DATA FOR REVIEW -

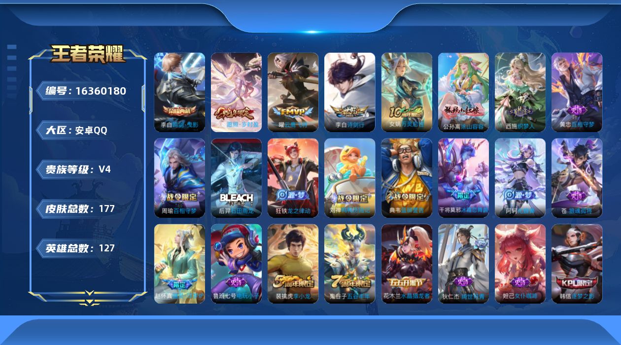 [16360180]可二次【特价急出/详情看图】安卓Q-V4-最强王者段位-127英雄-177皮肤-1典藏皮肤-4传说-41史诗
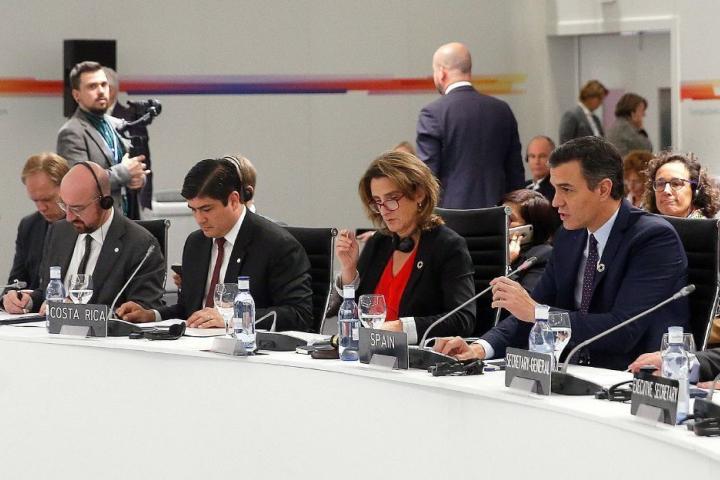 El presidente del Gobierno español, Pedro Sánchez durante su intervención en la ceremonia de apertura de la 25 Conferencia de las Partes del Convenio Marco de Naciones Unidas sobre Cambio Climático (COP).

---

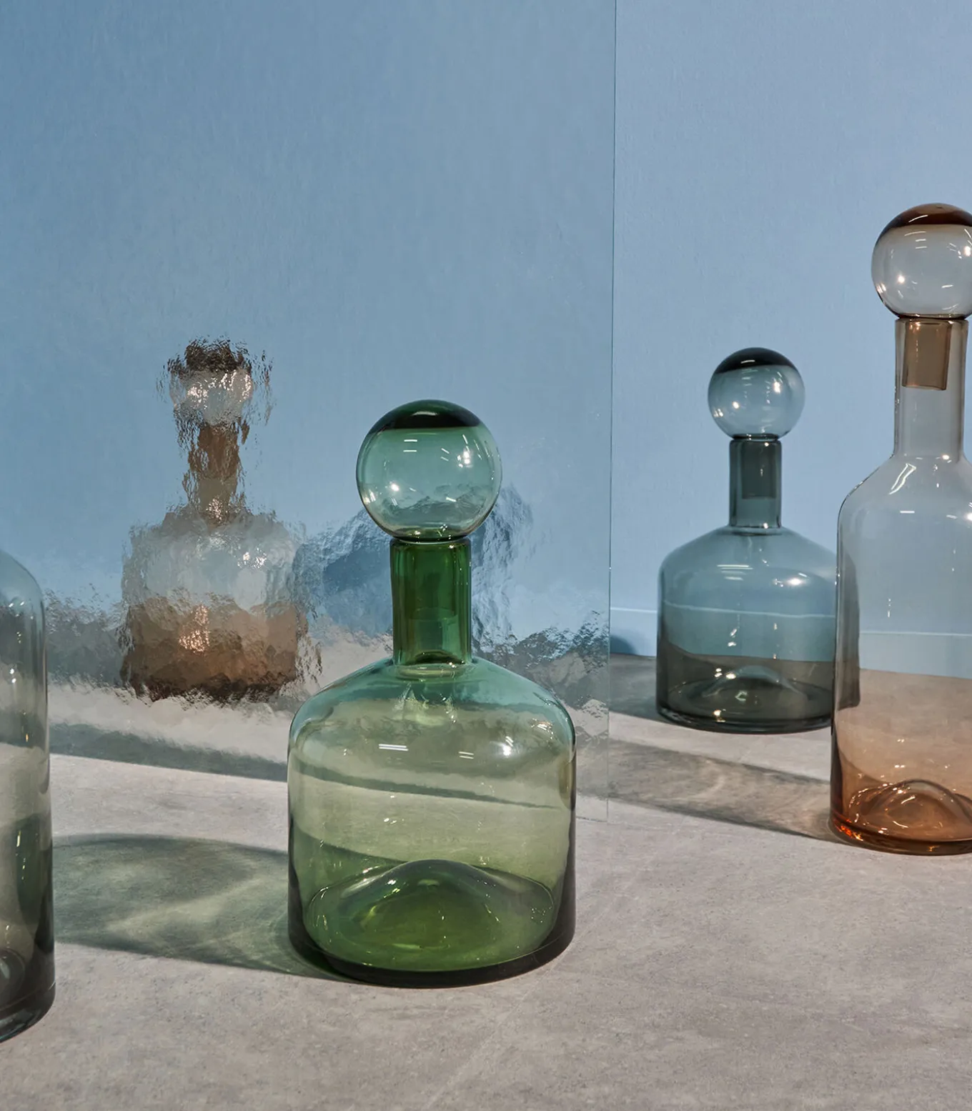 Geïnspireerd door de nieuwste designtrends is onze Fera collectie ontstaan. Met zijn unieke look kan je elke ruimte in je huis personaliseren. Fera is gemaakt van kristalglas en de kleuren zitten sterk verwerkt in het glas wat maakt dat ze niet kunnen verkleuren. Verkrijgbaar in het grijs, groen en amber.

EXERCISE AIM -
Above are the records; copy exactly the lines from the one with "[16360180]可二次【" through the one with "El presidente del", including both, and nothing more. Leave out pictures.

EXERCISE ANSWER -
 [16360180]可二次【特价急出/详情看图】安卓Q-V4-最强王者段位-127英雄-177皮肤-1典藏皮肤-4传说-41史诗
 El presidente del Gobierno español, Pedro Sánchez durante su intervención en la ceremonia de apertura de la 25 Conferencia de las Partes del Convenio Marco de Naciones Unidas sobre Cambio Climático (COP).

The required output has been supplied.